[Opening EXTRACTED DATA section]
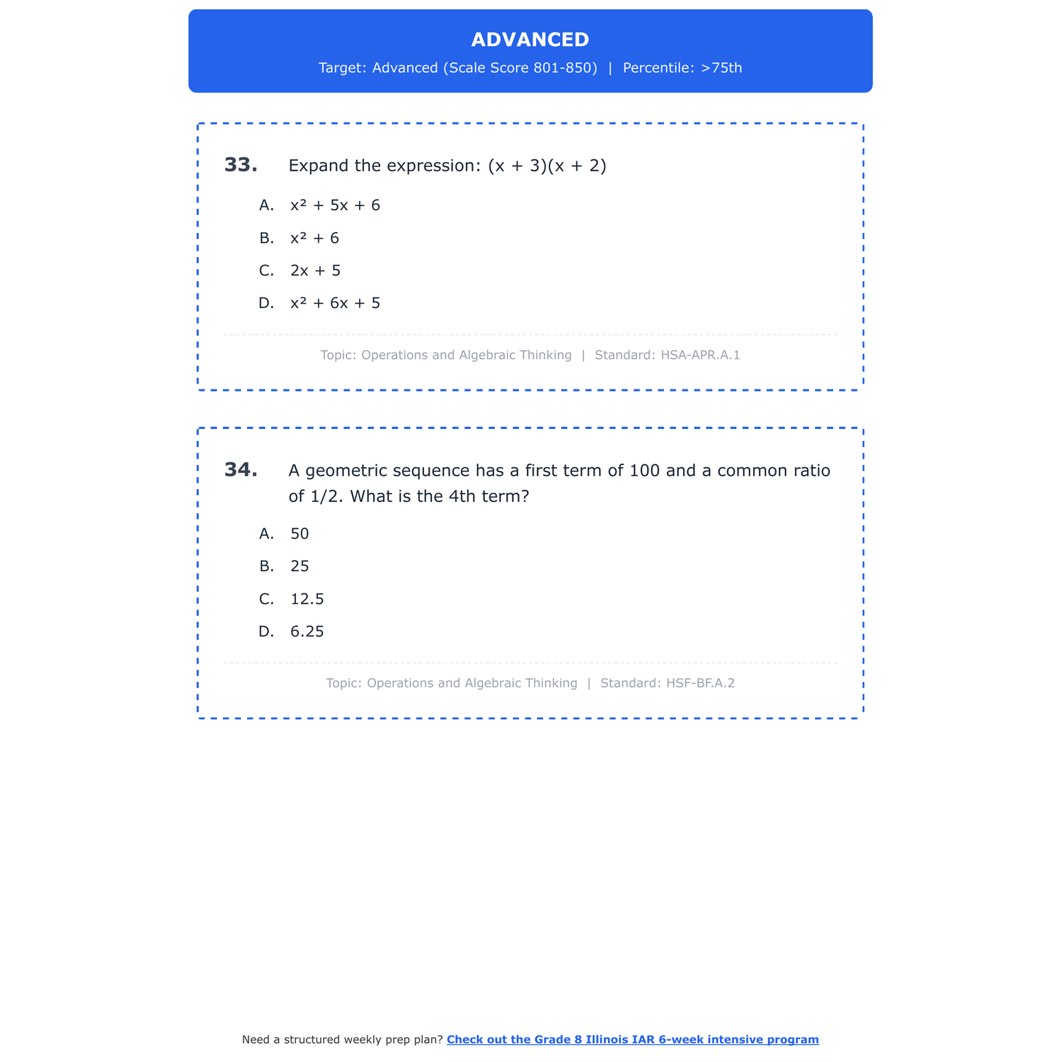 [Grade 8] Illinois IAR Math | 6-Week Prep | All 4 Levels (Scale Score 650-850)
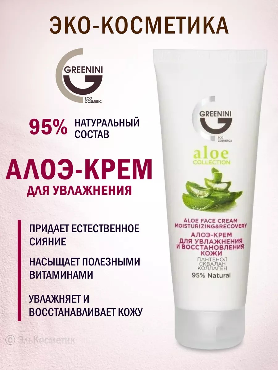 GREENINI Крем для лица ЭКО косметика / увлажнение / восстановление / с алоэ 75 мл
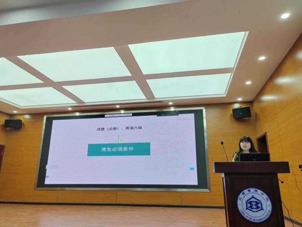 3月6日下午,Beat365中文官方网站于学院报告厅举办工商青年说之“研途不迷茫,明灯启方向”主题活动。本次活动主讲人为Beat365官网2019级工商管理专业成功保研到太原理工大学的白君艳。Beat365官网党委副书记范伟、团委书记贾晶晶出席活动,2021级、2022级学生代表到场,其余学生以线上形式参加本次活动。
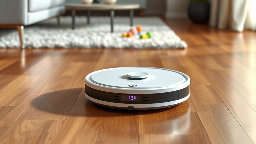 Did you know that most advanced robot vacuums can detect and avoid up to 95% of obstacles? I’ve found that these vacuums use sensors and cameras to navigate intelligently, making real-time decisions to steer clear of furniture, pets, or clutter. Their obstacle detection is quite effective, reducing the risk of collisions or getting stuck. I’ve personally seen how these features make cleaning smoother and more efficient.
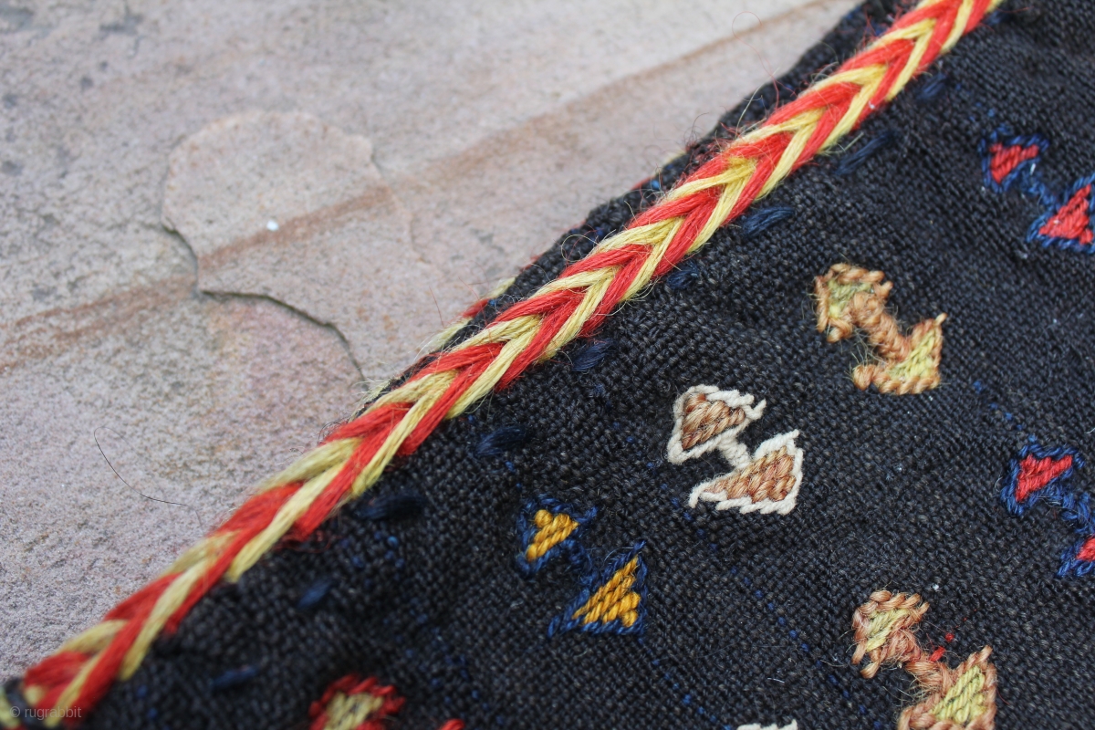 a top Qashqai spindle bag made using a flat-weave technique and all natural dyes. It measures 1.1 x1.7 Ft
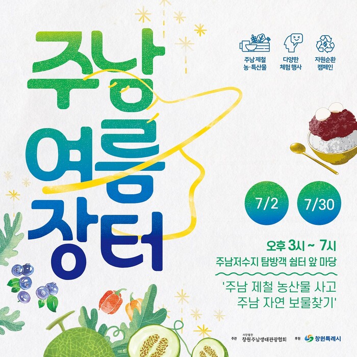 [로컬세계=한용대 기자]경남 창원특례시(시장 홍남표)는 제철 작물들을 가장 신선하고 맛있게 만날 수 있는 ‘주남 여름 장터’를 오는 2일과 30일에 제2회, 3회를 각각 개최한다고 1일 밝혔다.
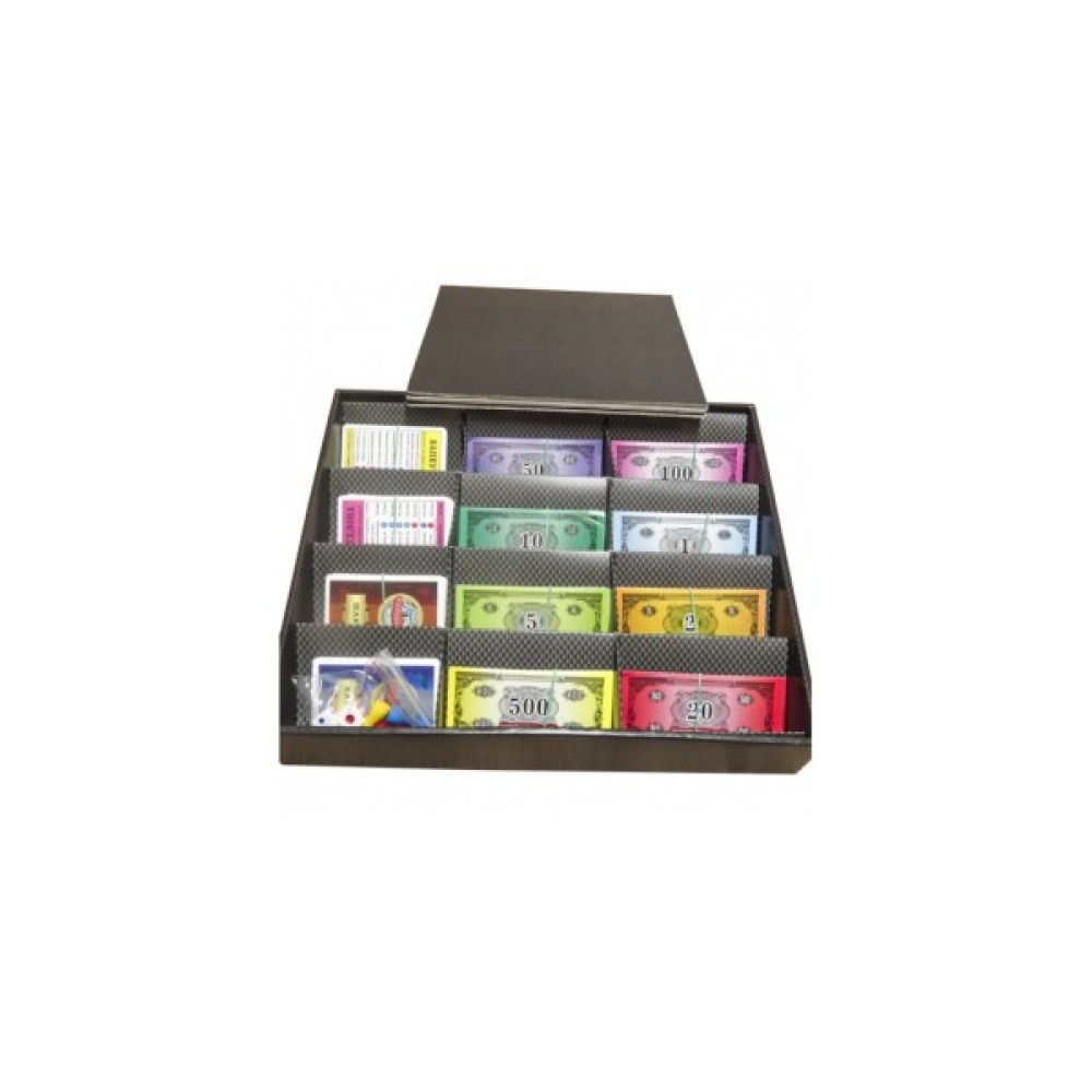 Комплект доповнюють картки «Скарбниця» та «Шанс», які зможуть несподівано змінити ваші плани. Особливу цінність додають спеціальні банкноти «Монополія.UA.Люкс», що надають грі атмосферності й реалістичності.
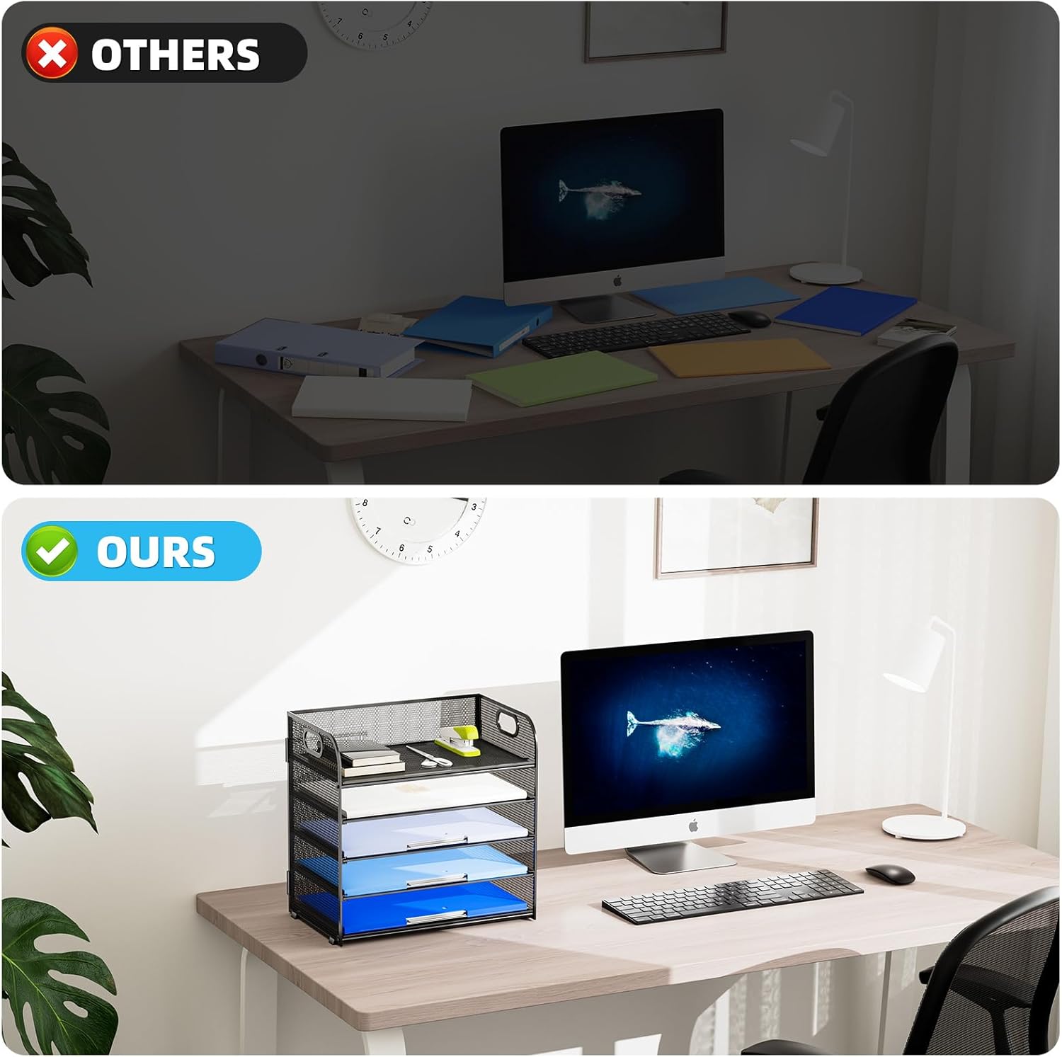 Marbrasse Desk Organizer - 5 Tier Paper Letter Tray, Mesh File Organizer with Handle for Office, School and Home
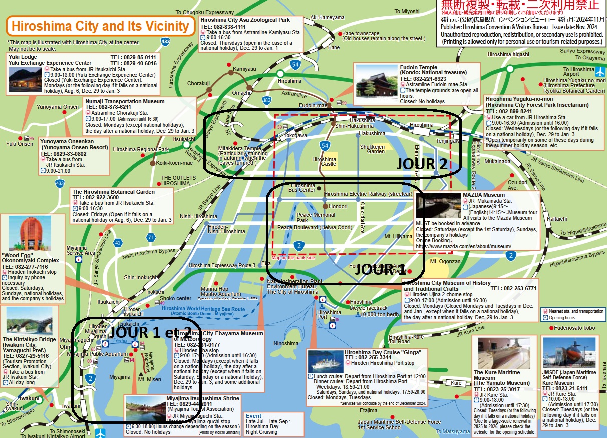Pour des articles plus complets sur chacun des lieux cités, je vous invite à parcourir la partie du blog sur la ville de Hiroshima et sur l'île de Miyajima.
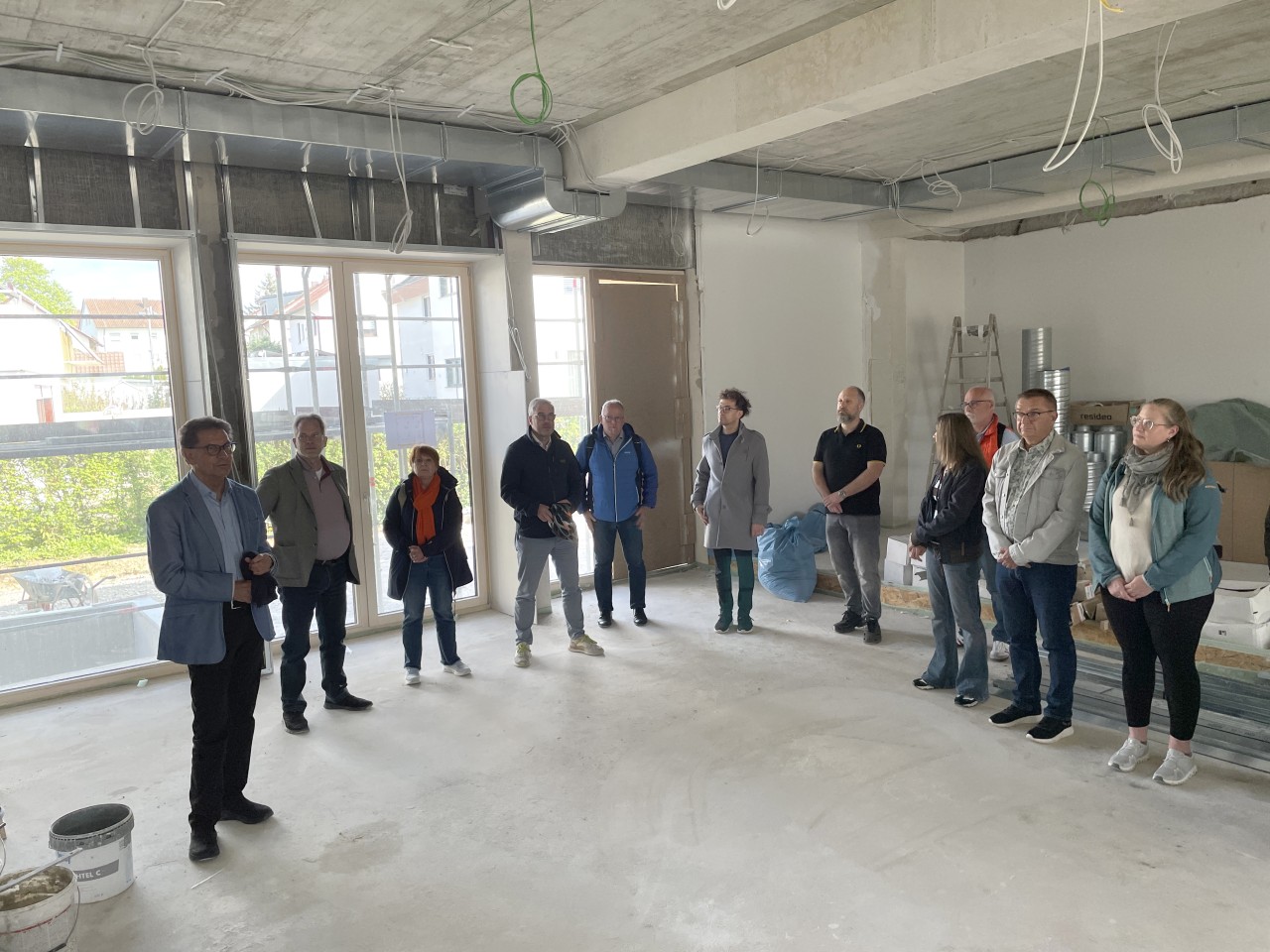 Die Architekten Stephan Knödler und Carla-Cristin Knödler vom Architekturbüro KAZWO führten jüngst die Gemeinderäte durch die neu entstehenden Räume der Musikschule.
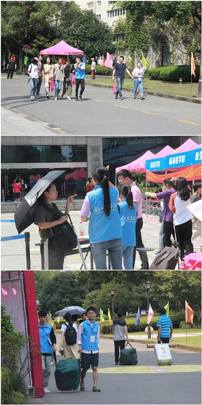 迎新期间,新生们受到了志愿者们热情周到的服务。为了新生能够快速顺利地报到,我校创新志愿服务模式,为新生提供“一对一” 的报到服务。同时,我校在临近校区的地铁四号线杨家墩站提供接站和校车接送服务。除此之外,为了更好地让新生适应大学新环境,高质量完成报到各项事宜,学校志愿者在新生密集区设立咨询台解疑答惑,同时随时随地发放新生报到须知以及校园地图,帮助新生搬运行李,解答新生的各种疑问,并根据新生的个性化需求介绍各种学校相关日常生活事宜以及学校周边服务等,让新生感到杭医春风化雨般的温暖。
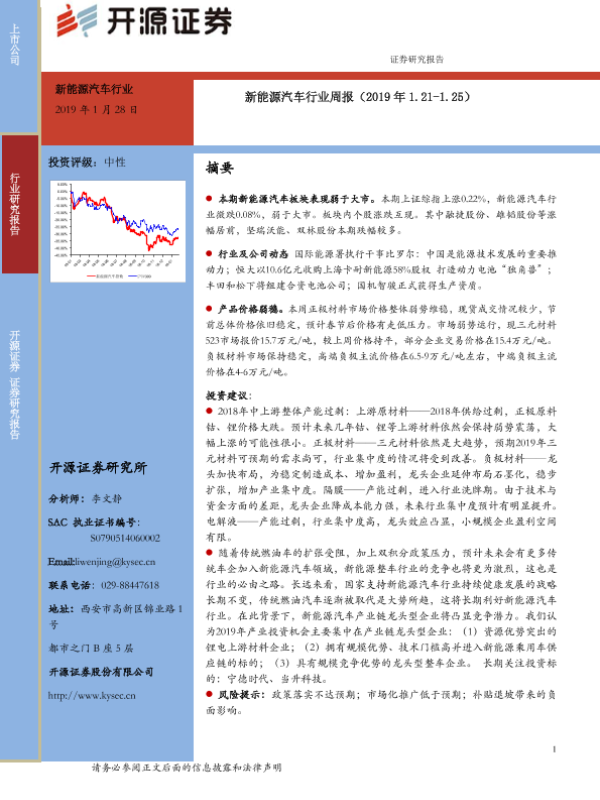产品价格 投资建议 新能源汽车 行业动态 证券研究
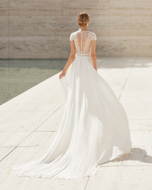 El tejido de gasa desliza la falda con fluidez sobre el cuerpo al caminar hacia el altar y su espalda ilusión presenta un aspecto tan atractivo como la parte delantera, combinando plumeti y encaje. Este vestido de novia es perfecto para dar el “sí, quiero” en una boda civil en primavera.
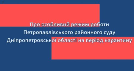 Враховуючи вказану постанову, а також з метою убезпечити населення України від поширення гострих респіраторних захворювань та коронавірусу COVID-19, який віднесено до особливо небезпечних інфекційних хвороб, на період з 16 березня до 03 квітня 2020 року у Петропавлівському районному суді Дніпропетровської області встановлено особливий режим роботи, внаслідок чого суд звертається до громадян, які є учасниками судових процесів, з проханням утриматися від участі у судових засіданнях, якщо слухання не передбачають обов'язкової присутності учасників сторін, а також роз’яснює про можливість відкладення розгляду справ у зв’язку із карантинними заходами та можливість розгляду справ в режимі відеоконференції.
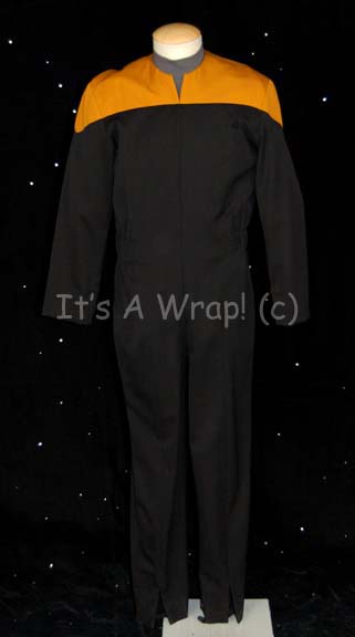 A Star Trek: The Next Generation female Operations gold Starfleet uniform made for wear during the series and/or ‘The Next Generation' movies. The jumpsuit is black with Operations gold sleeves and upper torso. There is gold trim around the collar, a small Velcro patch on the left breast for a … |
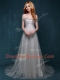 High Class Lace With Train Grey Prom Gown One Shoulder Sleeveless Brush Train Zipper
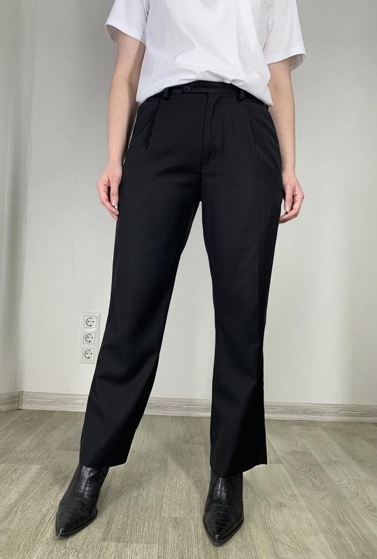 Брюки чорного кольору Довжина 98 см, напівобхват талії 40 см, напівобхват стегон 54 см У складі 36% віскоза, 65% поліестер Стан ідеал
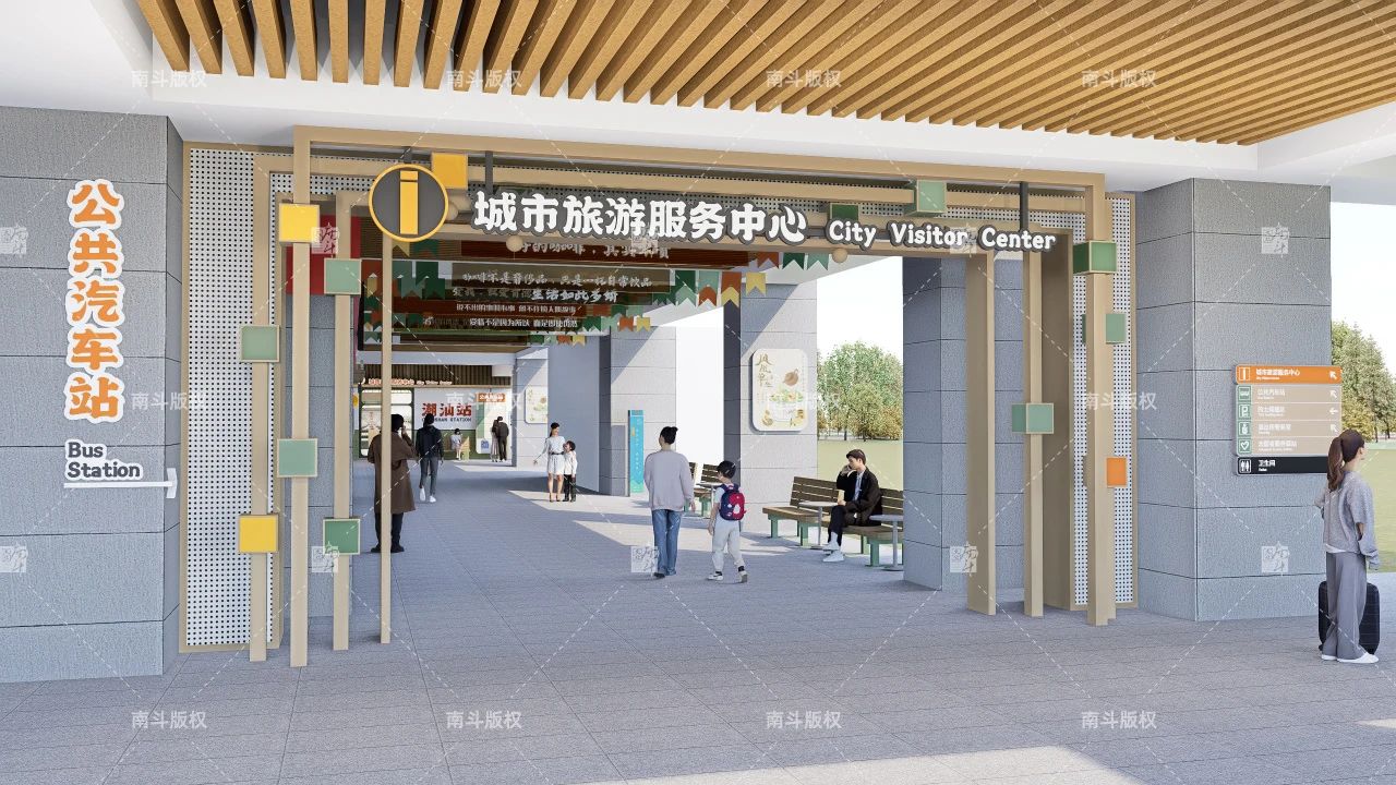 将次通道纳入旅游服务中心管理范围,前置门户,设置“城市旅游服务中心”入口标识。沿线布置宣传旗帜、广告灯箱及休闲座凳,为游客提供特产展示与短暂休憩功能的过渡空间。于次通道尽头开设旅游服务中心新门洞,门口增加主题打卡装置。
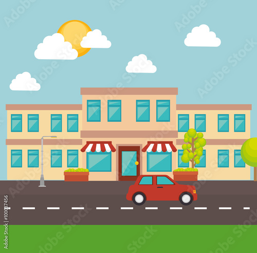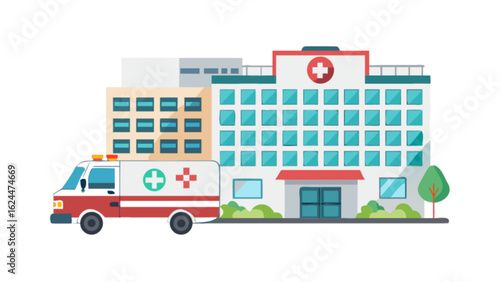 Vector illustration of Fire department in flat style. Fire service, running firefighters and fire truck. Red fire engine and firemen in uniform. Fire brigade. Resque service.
[Closing EXTRACTED DATA section]
INSTRUCTIONS FOR THE TASK – Please set down only the lines from the first line of the records above through the line that has "3月6日下午,Beat365", exactly, and not the pictures.

THE ANSWER –
 [Grade 8] Illinois IAR Math | 6-Week Prep | All 4 Levels (Scale Score 650-850)
 GREENINI Крем для лица ЭКО косметика / увлажнение / восстановление / с алоэ 75 мл
 3月6日下午,Beat365中文官方网站于学院报告厅举办工商青年说之“研途不迷茫,明灯启方向”主题活动。本次活动主讲人为Beat365官网2019级工商管理专业成功保研到太原理工大学的白君艳。Beat365官网党委副书记范伟、团委书记贾晶晶出席活动,2021级、2022级学生代表到场,其余学生以线上形式参加本次活动。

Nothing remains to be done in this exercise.